- _PROMPT_
Repeat the listing word for word, but skip any pictures.

- _DATA BELOW_
***

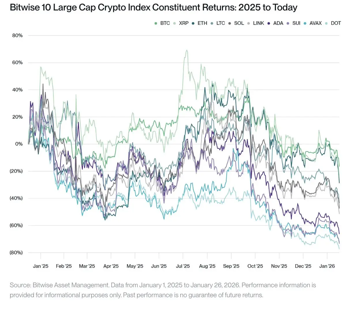 Se divide claramente en tres grupos. Los activos del primer grupo (BTC, ETH, XRP) tuvieron un desempeño relativamente bueno, cayendo entre un 10,3 % y un 19,9 %. Los activos del segundo grupo (SOL, LTC, LINK) experimentaron una caída típica de mercado bajista, con descensos entre un 36,9 % y un 46,2 %. Pero los activos del tercer grupo (ADA, AVAX, SUI, DOT) sufrieron un fuerte impacto, cayendo entre un 61,9 % y un 74,7 %.
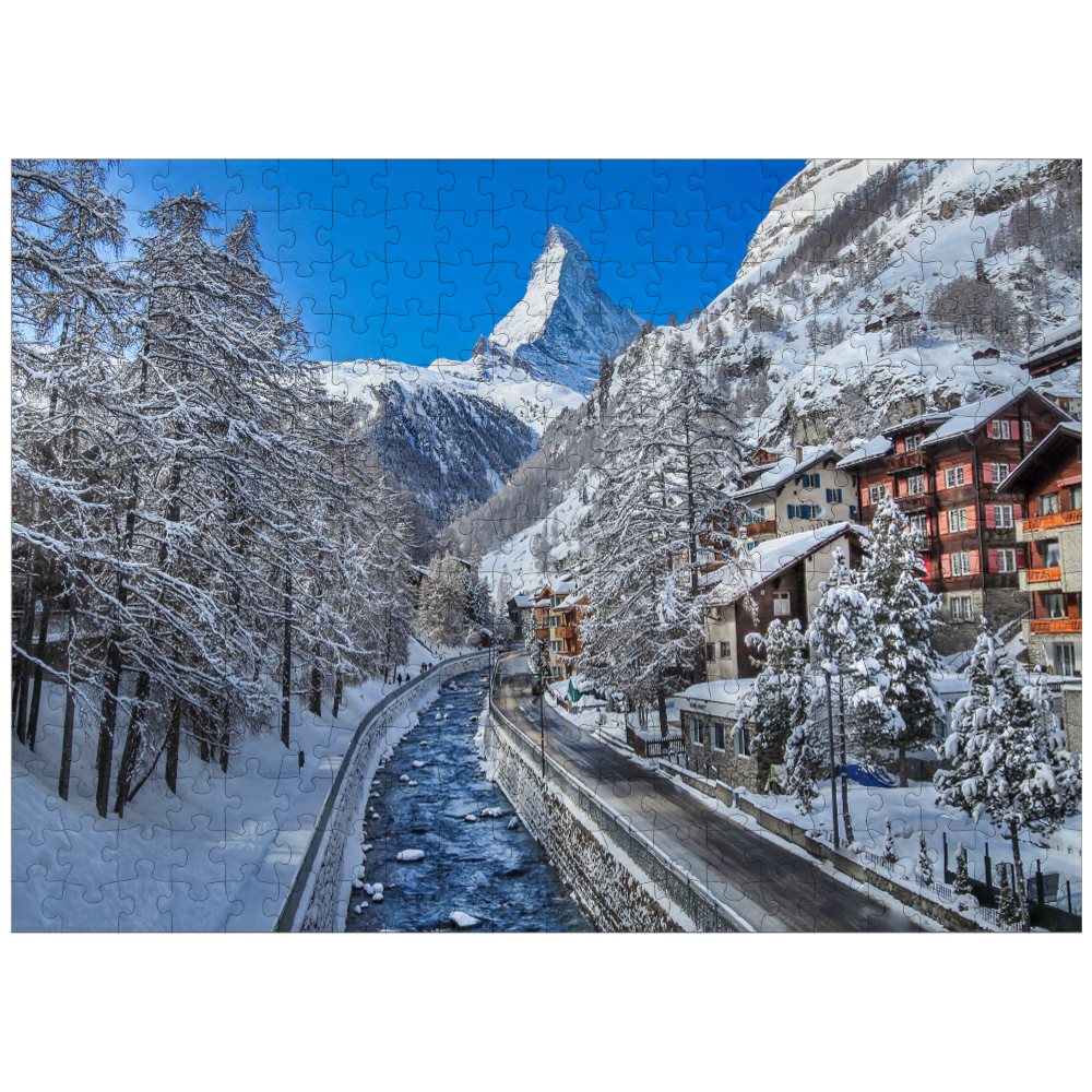 The mountain village of Zermatt in Switzerland, The Matterhorn, Alpine river
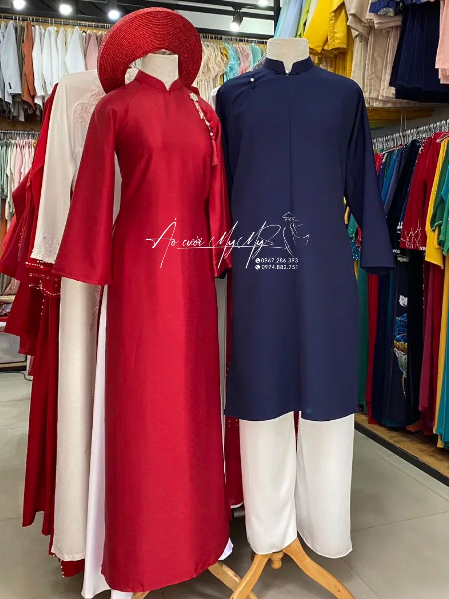 ÁO DÀI CẶP ĐỎ VÀ XANH HOÀI CỔ
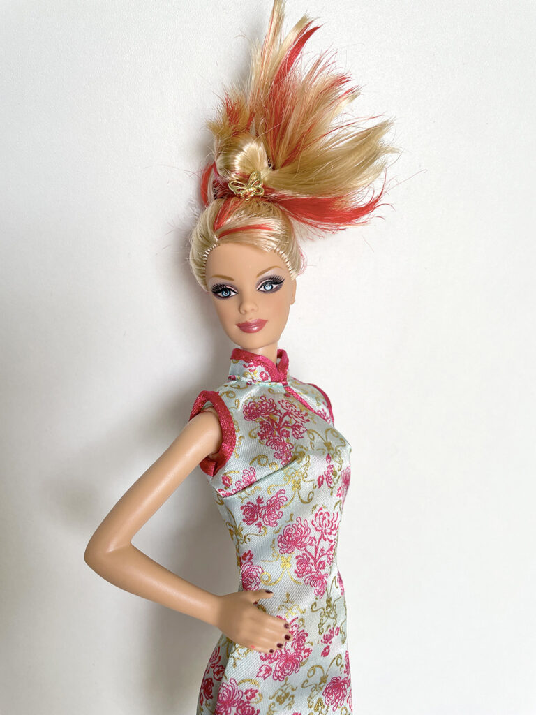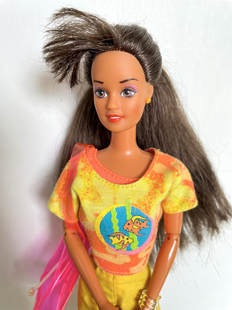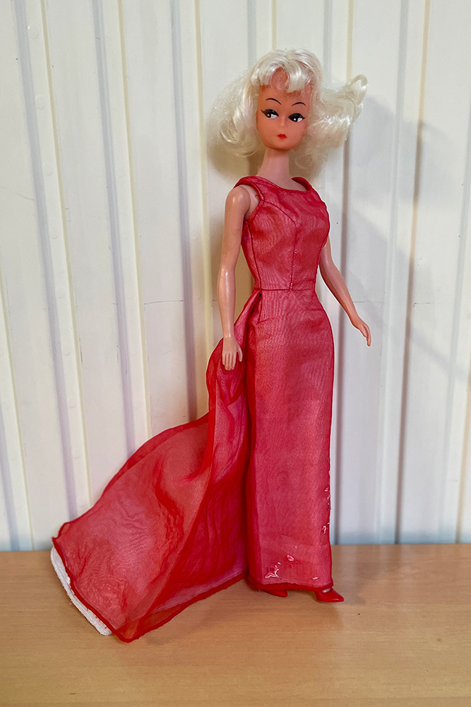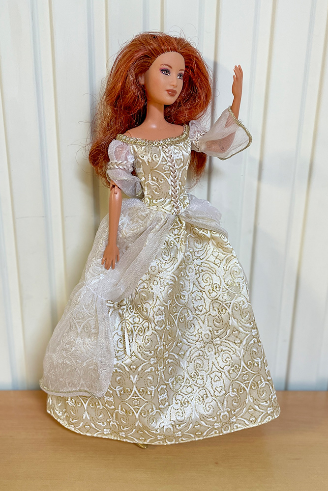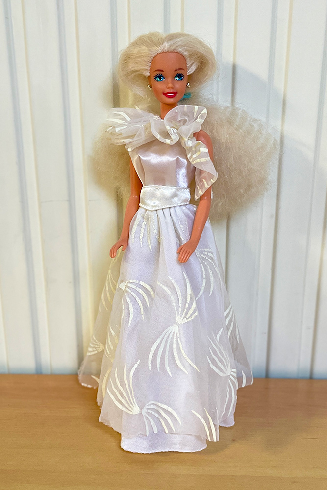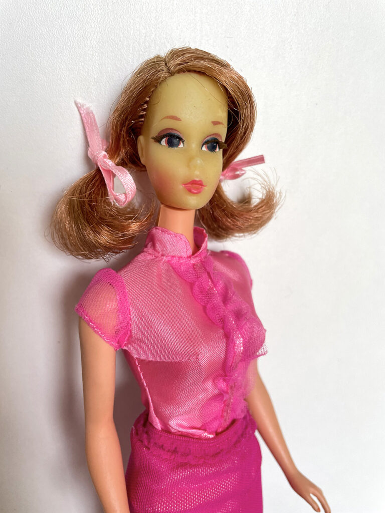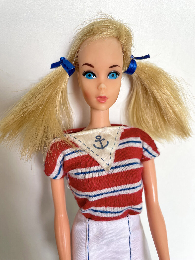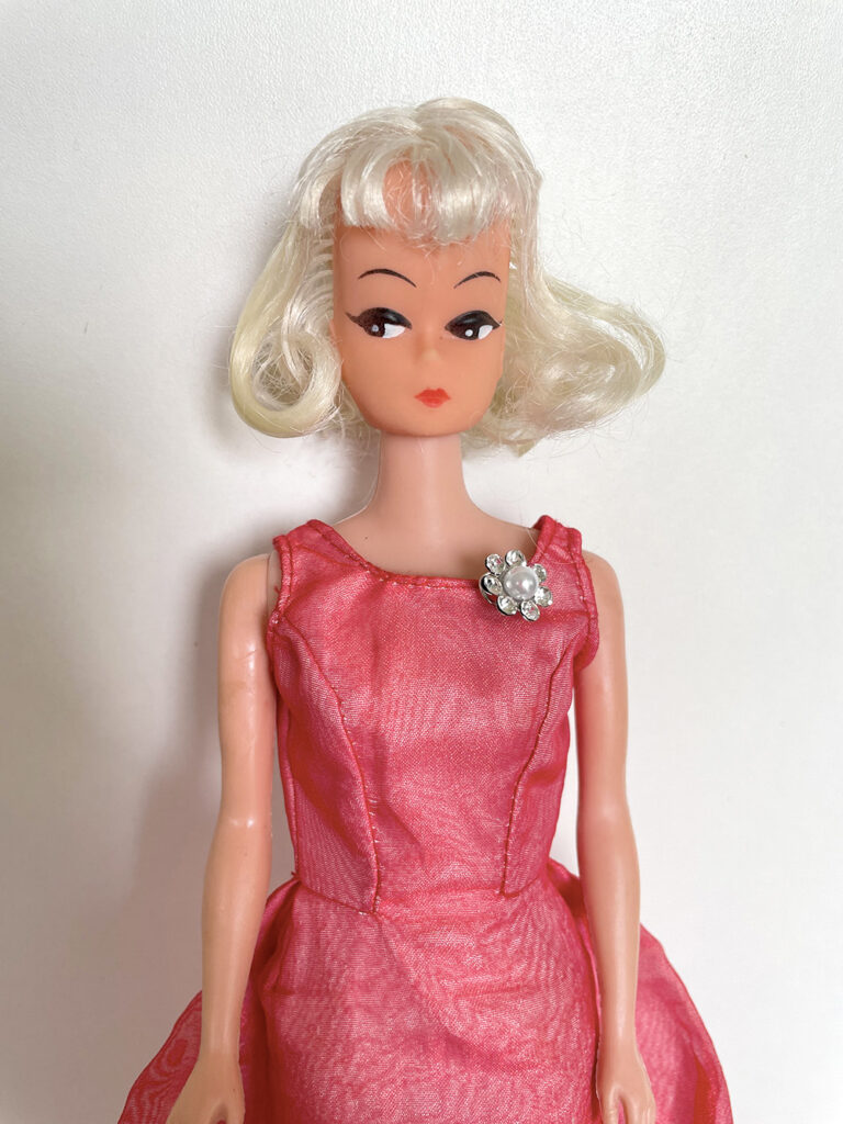 Véronique a apporté les poupées Barbie qu’elle souhaiterait vendre en vide-grenier, présentées avec une tenue complètement et harmonieusement disposées. Pour cela, elle apporte son stock de tenues et chaussures chinées de part et d’autre.

***

- _RESULT OF THE TASK_
 Se divide claramente en tres grupos. Los activos del primer grupo (BTC, ETH, XRP) tuvieron un desempeño relativamente bueno, cayendo entre un 10,3 % y un 19,9 %. Los activos del segundo grupo (SOL, LTC, LINK) experimentaron una caída típica de mercado bajista, con descensos entre un 36,9 % y un 46,2 %. Pero los activos del tercer grupo (ADA, AVAX, SUI, DOT) sufrieron un fuerte impacto, cayendo entre un 61,9 % y un 74,7 %.
 The mountain village of Zermatt in Switzerland, The Matterhorn, Alpine river
 ÁO DÀI CẶP ĐỎ VÀ XANH HOÀI CỔ
 Véronique a apporté les poupées Barbie qu’elle souhaiterait vendre en vide-grenier, présentées avec une tenue complètement et harmonieusement disposées. Pour cela, elle apporte son stock de tenues et chaussures chinées de part et d’autre.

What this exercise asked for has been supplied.